Shares of Marvell Technology (MRVL 7.13%), the system-on-a-chip semiconductor manufacturer, jumped 7.6% through 12:05 p.m. ET Wednesday after Morgan Stanley analyst Joseph Moore raised his price target to $80 a share.

And that's not the only reason.

Green arrow going up.

Image source: Getty Images.

Why Morgan Stanley likes Marvell stock

Moore (not the same guy who wrote Moore's Law) forecasts Marvell to earn $2.28 per share in 2026, and values the stock at 35 times forward earnings. "Marvell is firmly in the AI winners camp," writes Moore in a note covered on StreetInsider.com today, but "sentiment has swung aggressively negative" -- and now Marvell stock is down about 33% from its peak back in late January.

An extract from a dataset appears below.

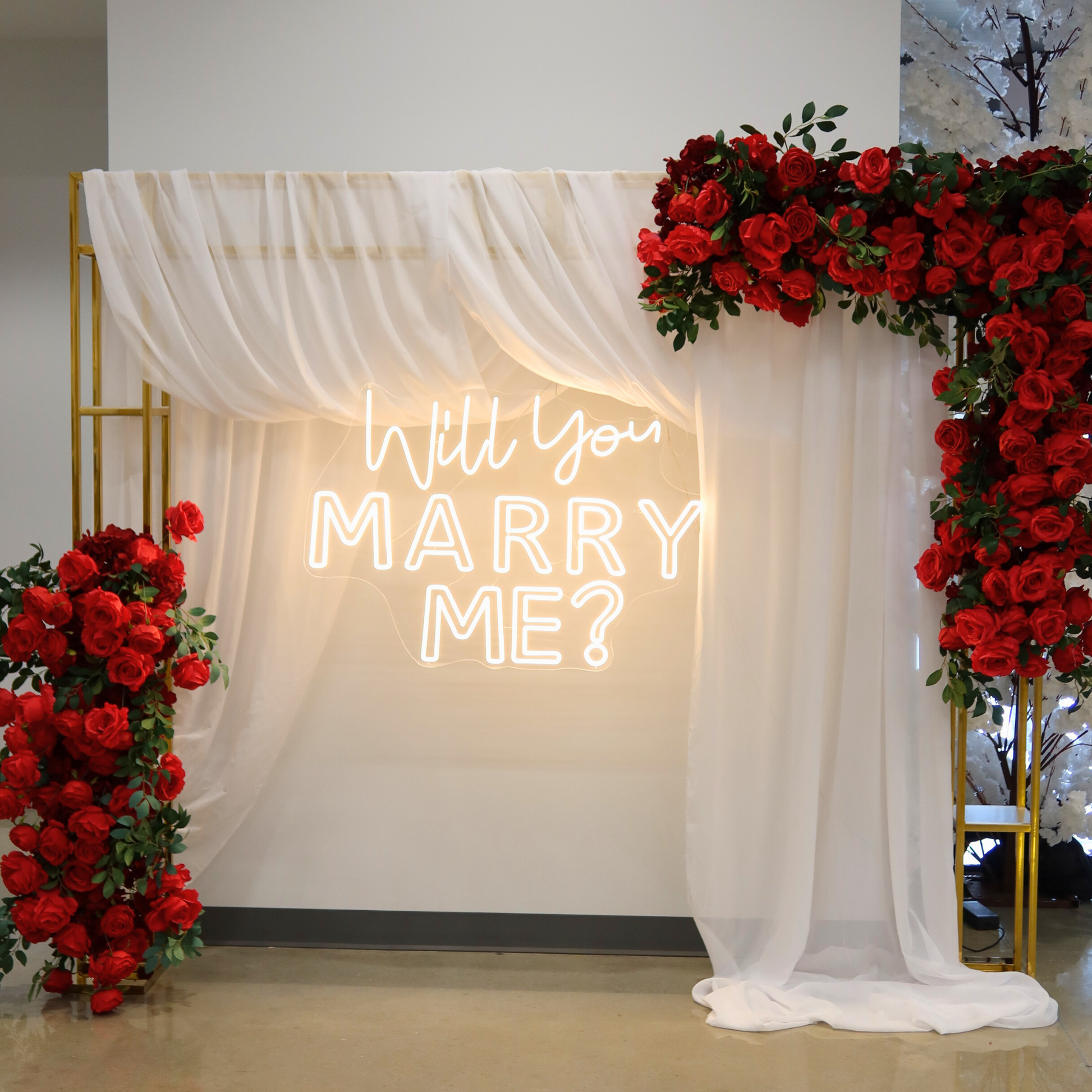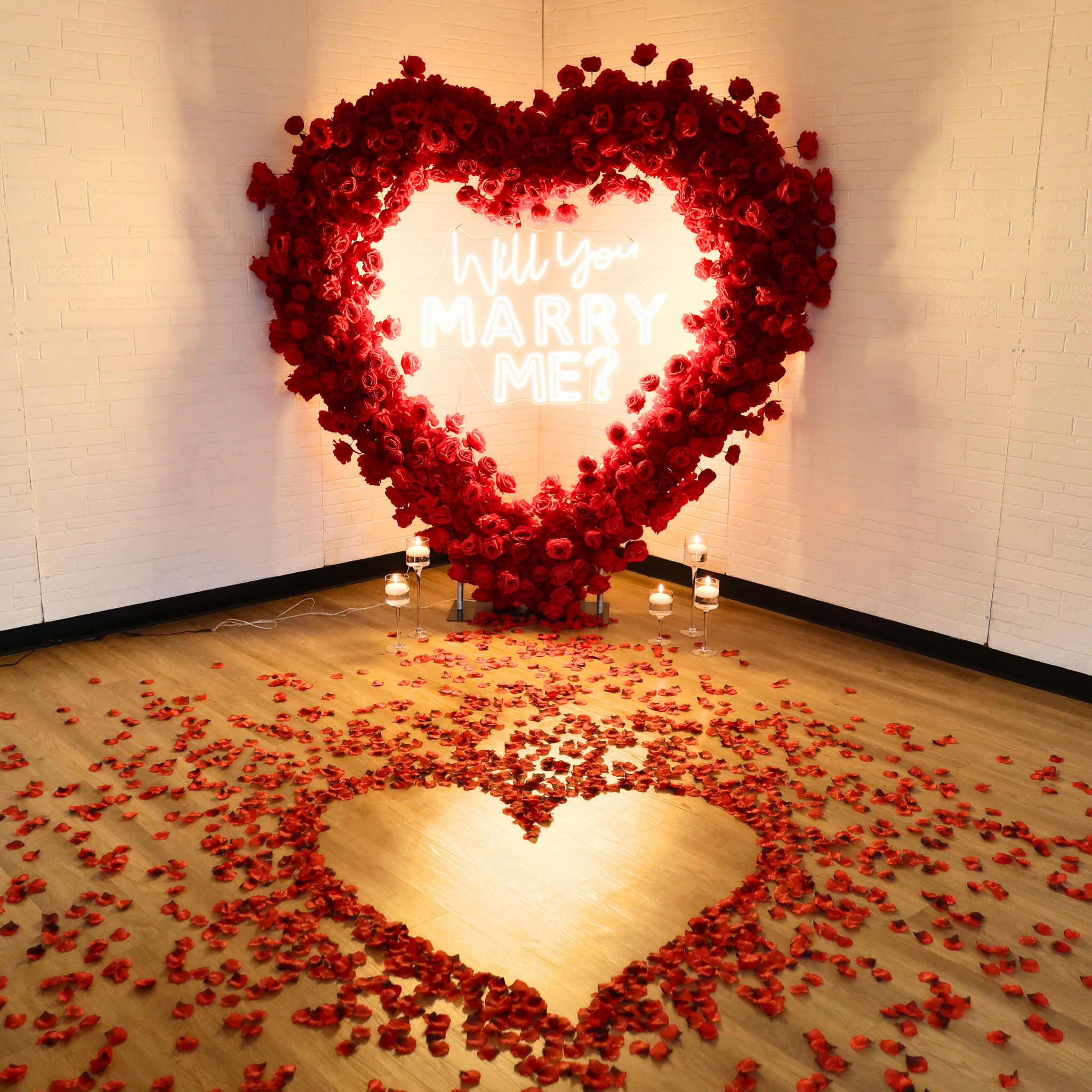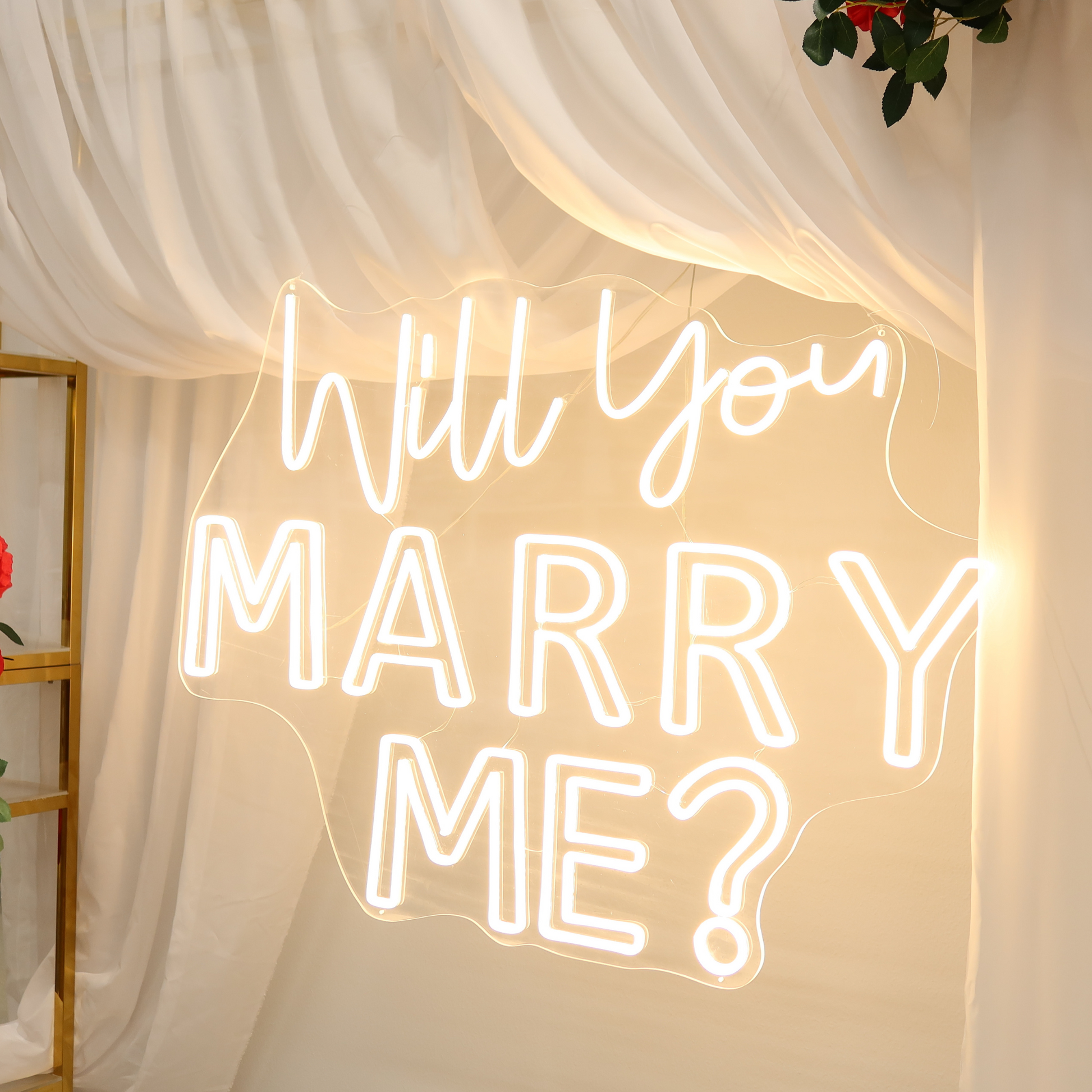 Neon signs emit a soft, romantic glow that can enhance the atmosphere of your event. They create a warm and inviting space for your special moment. Further, decorate the will you marry me sign with artificial silk flowers and petals for a lovelier design.

Speaking of artificial intelligence, though, the other big Marvell news today is that Fubon Research is reporting interest in Microsoft (MSFT 0.10%) in upgrading from 3nm to a more advanced 2nm for its upcoming Maia300 AI chip -- which Marvell will produce. Fubon notes that the change is pushing back production (and revenue) for Marvell from Q1 2026 into Q4 2026 -- but the analyst thinks the chance to sell Microsoft a more advanced chip costing as much as $8,000 per unit "represents a substantial opportunity for Marvell."

Is Marvell stock a buy?

Fubon is guessing the new chip could add $2.4 billion to Marvell's revenue in 2026 and as much as $12 billion in 2027 -- a substantial sum when you consider that Marvell did only $5.8 billion in business in 2024!

Does this make Marvell stock a buy? It depends. The stock costs a steep 47 times this year's estimated free cash flow. But analysts expect Marvell's FCF to double over the next two years, alongside the doubling in revenue. If the growth materializes as planned, Marvell stock actually could be cheap enough to buy.